Nepotism is widespread in Arizona and Michigan charter schools. One example is NFL-YET Academy, a 620-student elementary school in Phoenix. The school's founder and chief executive is Armando Ruiz, a former state senator and adviser to former Gov. Fife Symington. His twin brother, Fernando, is the school's budget director; his younger brother Reyes is the school's "spiritual development" director; his mother, Estella, is an administrator; his father, Reyes Sr., is a school carpenter; his sister, Rebecca, is a teacher. While the family-run model is ideal for many small businesses, the potential for abuse in public contracting is obvious; the law in Arizona bans nepotism in regular public schools but not in charter schools.

Such problems have multiplied in the absence of rigorous oversight. "We have not found a single [state] with a well-formed plan for dealing with problem schools or outright failures," write conservative education expert Chester Finn Jr. and his coauthors in their 1997 report, "Charter Schools in Action." Local school systems have largely sidestepped the task of monitoring the 50 or so charter schools they sponsor in Arizona. Window Rock, for instance, hasn't assigned any staff to keep tabs on the dozen schools it has chartered, the closest of which is 400 miles away.

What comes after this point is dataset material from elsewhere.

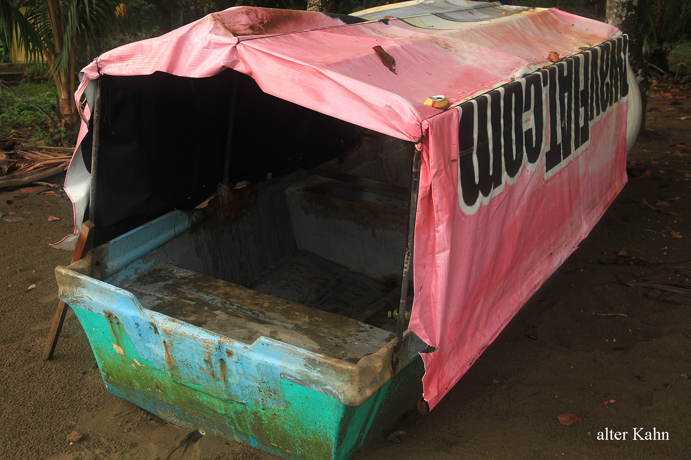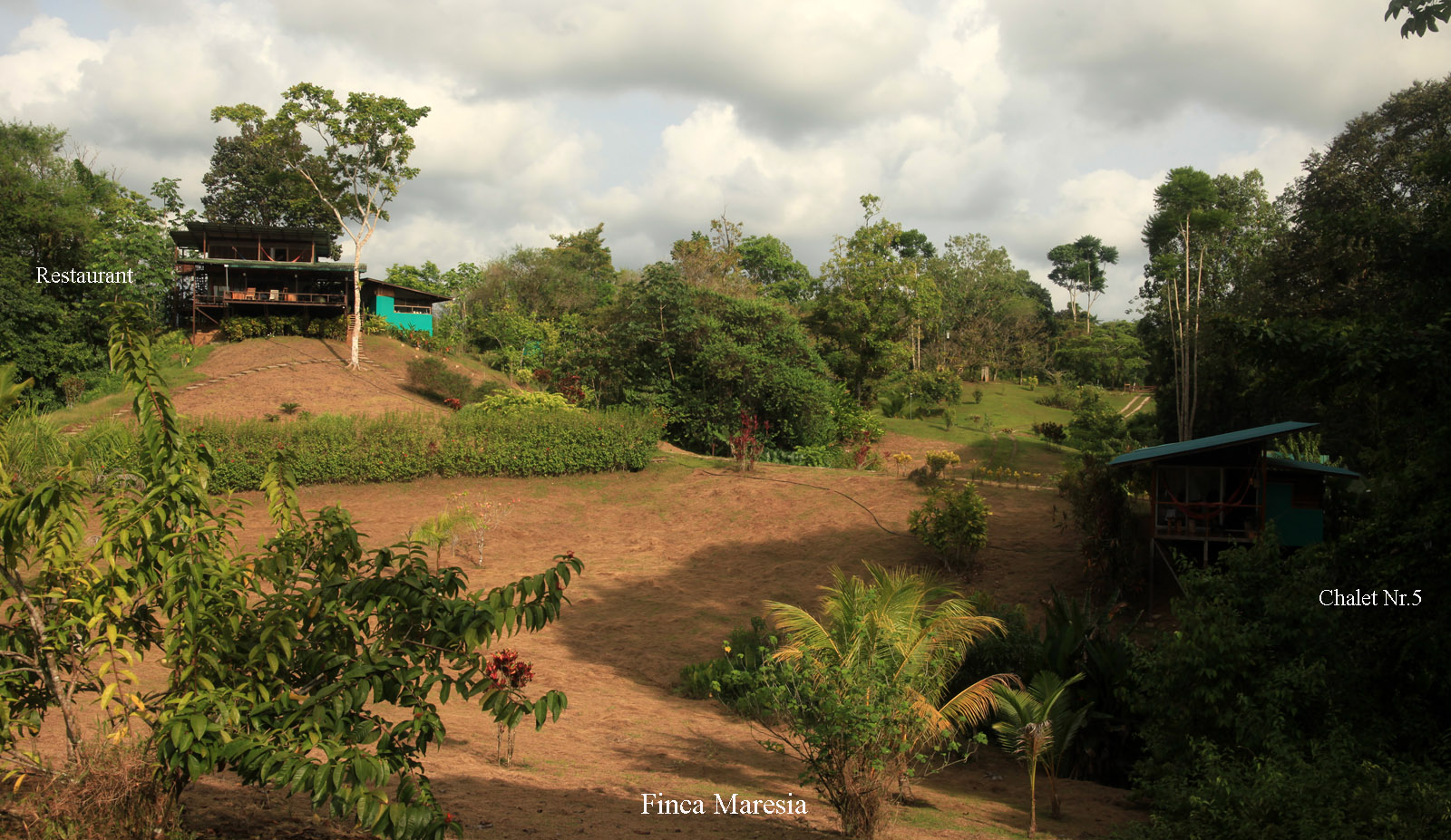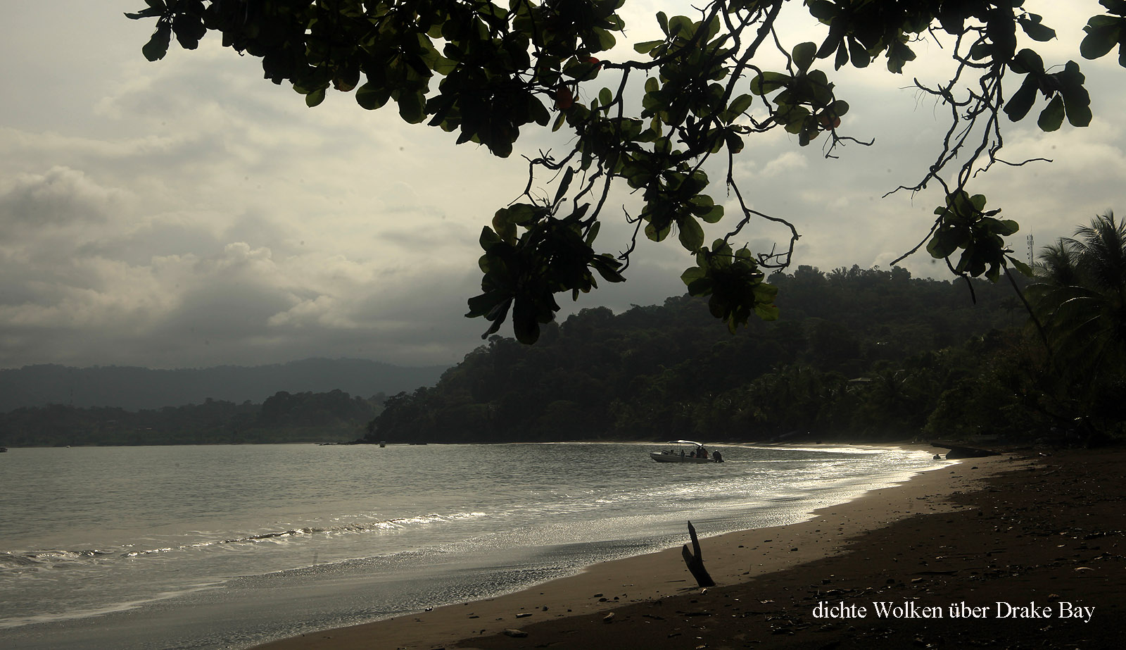 Um 2:00 h nachts wachte ich plötzlich mit einem Schock auf. Ein unglaublich lautes Geräusch hatte mich aus dem Schlaf gerissen. Es dauerte ein paar Sekunden bis ich realisierte, dass gerade ein gewaltiger Regenschauer auf unser Wellblechdach prasselte. Das hielt noch eine ganze Weile an. Irgendwann schliefen wir aber wieder ein und wurden gegen 6:00 h wieder wach. Es waren angenehme 25° bei einer Luftfeuchtigkeit von über 90 %. Wir machten diesmal einen kleinen Spaziergang vor dem Frühstück zunächst in der Nähe der Finca. Kaum hatten wir unseren Bungalow verlassen, als schon die ersten Tukane und Amazonen über uns hinwegflogen. Der Regen der vergangenen Nacht hatte der Natur und auch dem Wasserhaushalt der Finca gut getan. Als es mit Vogelstimmen etwas ruhiger wurde, stiegen wir ins Auto und fuhren mal runter zum Strand, wo wir gegen 7:10 h ankamen. Der Himmel war heute morgen ziemlich bedeckt, so dass zunächst das Licht zum Fotografieren nicht so geeignet war. Es wurde aber zusehends besser. |

Window Rock's new school superintendent, Paul Hanley, did move to close four schools last fall, including two run by Reed Gaddie, who in 1989 was sentenced to jail on a drug paraphernalia charge. One of Gaddie's schools, Community Campus, had no building and was conducting classes in a park; the other, the Arizona Career and Technology High School, on one occasion last fall resorted to "locking down" students in their classrooms with custodians and construction workers patrolling the halls to keep order.

State chartering boards haven't been eager to crack down on abuses, either. Last year's evaluation of Arizona's charter schools was conducted by the staff of Lisa Graham Keegan, Arizona's elected state superintendent of schools, after Keegan's office began receiving many complaints about the schools. But Keegan's department didn't make the evaluation's troubling findings public until nearly a year later--after the state school board association lawyer filed a freedom-of-information request, and after Keegan's top charter-school aide removed evaluators' handwritten notes on their school visits, as allowed by law. Says Keegan about the evaluators' report: "I would prefer that everything [the monitors] saw was wonderful. But if it wasn't, OK. In the main, I'm pleased, far and away, with the quality of the public charter schools. . . . How much monitoring do you think is going on in the traditional system?"

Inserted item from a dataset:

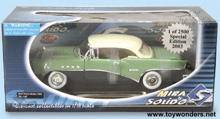 3166 BUICK Century Hardtop (1955) Limited Edition 1 of 2500 pcs Scale: 1:18 Dimensions: 10"L x 3.75"W x 3.25"H Buick die cast metal classic oldies car with workable steering, free wheels, folding bench seat, and opening doors, hood, and trunk, spare tire in trunk, and spring-loaded doors. Detailed engine & components. Sits on a display platform. Box: 12.5"W x 5.5"H x 6"D Manufactured by Mira Solido Majorette Two-toned green colored exterior with ivory colored roof and interior color

Two governor-appointed boards that grant charters in Arizona, the State Board of Education and the State Board for Charter Schools, also declined to take action against many schools discovered during the evaluation to have serious educational problems. The boards, dominated by free-market advocates, revoked two charters in the wake of the evaluation, including that of Alan Wright, a past superintendent of education at the Arizona Department of Juvenile Corrections, who recruited many students from the state's youth justice system to his 12 Success charter schools. The state said Wright failed to serve special-education students and committed other transgressions, which he denied. (A state court recently reinstated Wright's charter on due-process grounds, though the Success schools have shut down.)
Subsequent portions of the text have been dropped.